Avascular necrosis (AVN) of the femoral head is a progressive condition that disproportionately affects younger adults, often leading to femoral head collapse and eventual total hip arthroplasty if untreated in its early phases. The disruption of blood supply results in osteocyte death, structural weakening, and subchondral fracture, culminating in articular surface irregularity and secondary osteoarthritis [1]. With an increasing incidence linked to corticosteroid use, alcohol consumption, and traumatic injuries, early intervention remains critical to preserve native joint function and delay or avoid prosthetic replacement, particularly in patients under 50 years who face higher risks of revision surgery [2].

Core decompression, introduced decades ago, aims to reduce intraosseous pressure, restore venous drainage, and stimulate reparative processes in the necrotic zone. It has become a cornerstone for pre-collapse stages (Ficat-Arlet 1 and 2, or ARCO 1–3A), offering pain relief and halting progression in many cases. However, outcomes vary, with success rates ranging from 60–80% in early disease, limited by incomplete regeneration of viable bone and persistent ischaemia [3].

Regenerative orthobiologics have emerged as promising adjuncts to enhance healing.

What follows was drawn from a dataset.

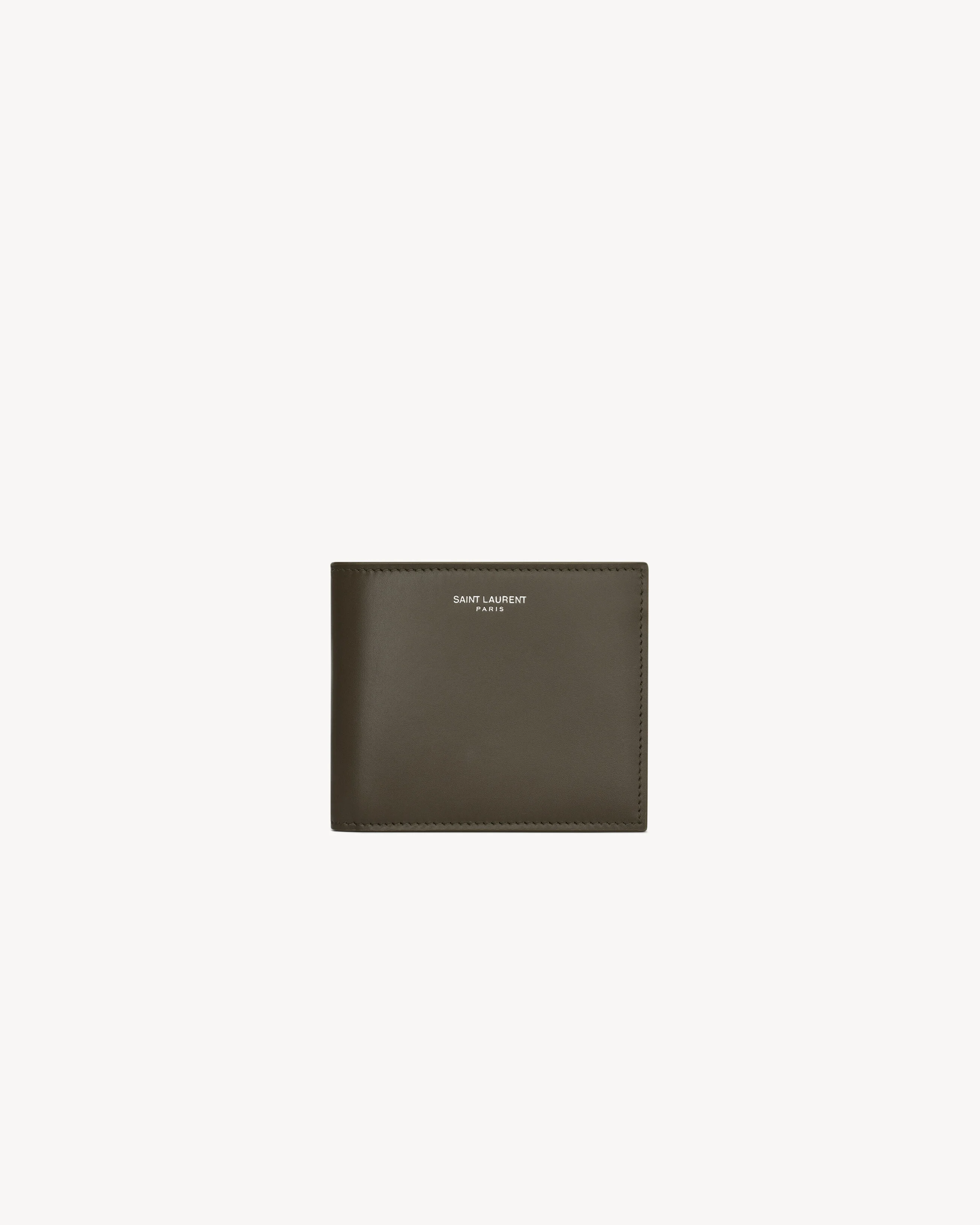 SINGLE-FOLD WALLET WITH COIN PURSE AND EMBOSSED SAINT LAURENT PARIS SIGNATURE. - LEATHER LINING - SILVER-TONED HARDWARE - FOUR CARD SLOTS - TWO RECEIPT COMPARTMENTS - TWO BILL COMPARTMENTS - ONE SNAP DOWN COIN POUCH - DIMENSIONS: 11 X 9.5 X 2.5 CM / 4.3" X 3.7" X 1" - 100% CALFSKIN LEATHER - STYLE ID 3963030U90N3212 - MADE IN ITALY

Bone marrow aspirate concentrate (BMAC), rich in mesenchymal stem cells, growth factors such as vascular endothelial growth factor (VEGF), and anti-inflammatory cytokines, promotes angiogenesis, osteogenesis, and tissue repair [4]. Preclinical and clinical evidence suggests BMAC can differentiate into osteoblasts, revascularise ischaemic areas, and modulate the inflammatory microenvironment that exacerbates necrosis [5].

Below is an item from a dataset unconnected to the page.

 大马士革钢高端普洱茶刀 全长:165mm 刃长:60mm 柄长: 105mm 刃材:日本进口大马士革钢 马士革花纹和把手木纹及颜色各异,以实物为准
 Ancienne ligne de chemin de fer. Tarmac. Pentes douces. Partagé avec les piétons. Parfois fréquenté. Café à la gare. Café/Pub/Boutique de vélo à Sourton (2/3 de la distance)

Multiple studies have explored BMAC augmentation in AVN. Early reports demonstrated improved survivorship and functional scores compared to decompression alone, particularly in pre-collapse lesions [6]. Long-term follow-ups have shown reduced rates of progression to collapse, with BMAC providing a cellular scaffold for bone regeneration. However, results in more advanced pre-collapse stages remain debated, with some series reporting equivalent outcomes to standalone decompression [7].

The pathophysiological rationale for BMAC is compelling: AVN involves not only vascular compromise but also depleted progenitor cells in the proximal femur. Concentrated autologous marrow replenishes these cells, delivering high concentrations of bioactive molecules directly to the lesion. VEGF, in particular, stimulates neovascularisation, while platelet-derived factors support matrix remodelling [8].

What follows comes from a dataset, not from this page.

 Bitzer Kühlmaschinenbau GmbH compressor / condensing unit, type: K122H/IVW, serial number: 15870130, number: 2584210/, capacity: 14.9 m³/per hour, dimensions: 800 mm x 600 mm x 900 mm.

Despite promising data, comparative evidence is largely from small cohorts or heterogeneous populations. Few studies highlight that AVN burden is rising due to corticosteroid misuse and trauma, have directly contrasted the two approaches using standardised outcomes like the Visual Analogue Scale (VAS) for pain and Modified Harris Hip Score (MHHS) for function [9].

This retrospective study was undertaken to evaluate whether BMAC augmentation confers superior clinical benefits over core decompression alone in pre-collapse AVN. Primary endpoints focused on pain reduction and functional restoration at short-term follow-up, with secondary assessment of radiographic stability. By targeting Ficat-Arlet stages 1 and 2 (pre-collapse), the investigation sought to inform joint-preserving strategies in a demographic prone to early prosthetic failure.

MATERIALS AND METHODS

Study Setting: This retrospective comparative study was conducted at the Department of Orthopaedics, Government Medical College and ESI Hospital, Coimbatore, a tertiary-care public institution in Tamil Nadu, India, reviewing cases from 2023 to 2024.

Study Participants: Patients diagnosed with non-traumatic avascular necrosis of the femoral head in pre-collapse stages were included. Eligible cases comprised Ficat-Arlet stages 1 and 2, corresponding to ARCO stages 1, 2A, 2B, and 3A. Exclusion criteria encompassed patients with advanced osteoarthritis, Ficat-Arlet stage 4 disease, active infection, malignancy, or incomplete follow-up records.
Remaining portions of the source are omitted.